The simulation offered a chance to connect theory with practice. “The goal of simulations is to keep the negotiations going and make small incremental wins,” Kennedy said. “There aren’t always huge transformational moments. Sometimes the best solution might be that we agree to another conference.”

Sreeparvathy S. L., a Humphrey Fellow from India, hopes to use similar simulation exercises to teach negotiation skills in the Indian Ministry of Finance. As an Indian national, she would have preferred not to be placed with the Indian team. “I actually wanted to be part of some other team to get another perspective,” she said. “But I really understood how a third party can be given a new orientation on an old issue.”

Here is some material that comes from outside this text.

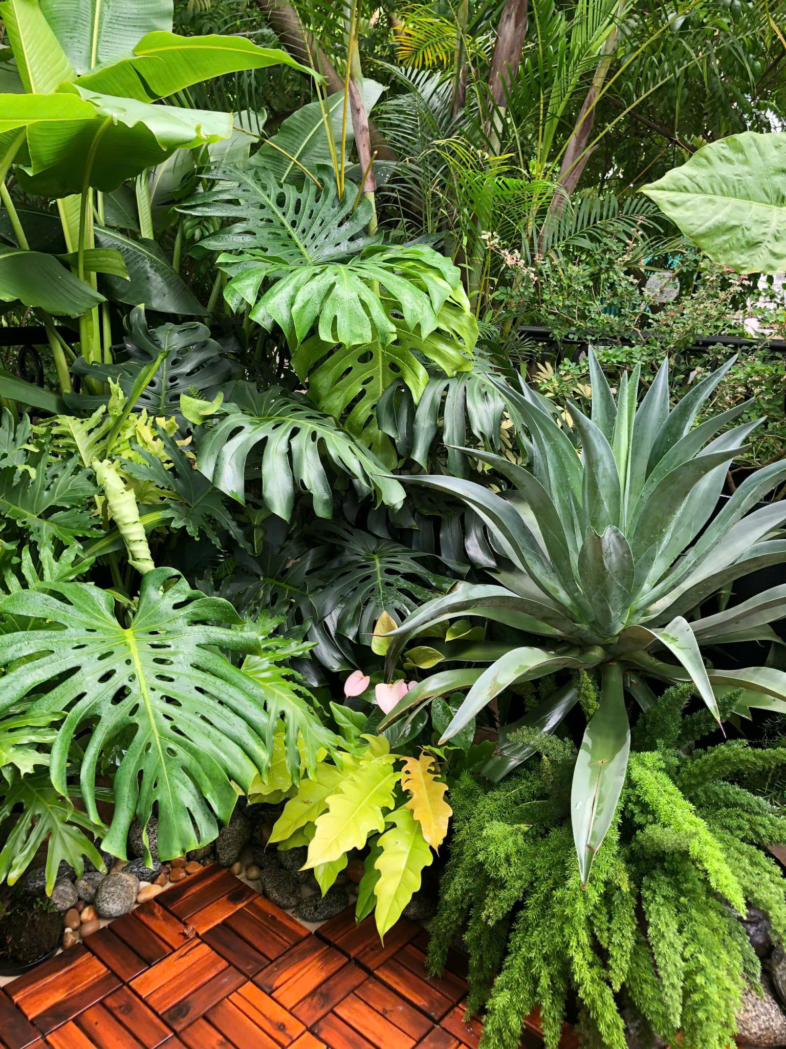 Các dòng tropical như philodendron, monstera, alocasia… tạo không khí nhiệt đới rõ nét

Cameron Keys, an analyst for the U.S. Army and a DCP student, hoped to learn how diplomatic negotiations work. “I was pleased with the emphasis on process,” he said. “Formal meetings proceeded much the same way actual formal meetings might in a real-world crisis.”

The exercise highlighted the importance of communication and leadership skills, Keys added. “Skilled speakers can control discussion, closing off debate or opening up debate to advance their team’s relative interests,” he said. “Negotiations are extremely vulnerable to circumstance; small events on the ground can have large diplomatic consequences at the negotiating table.”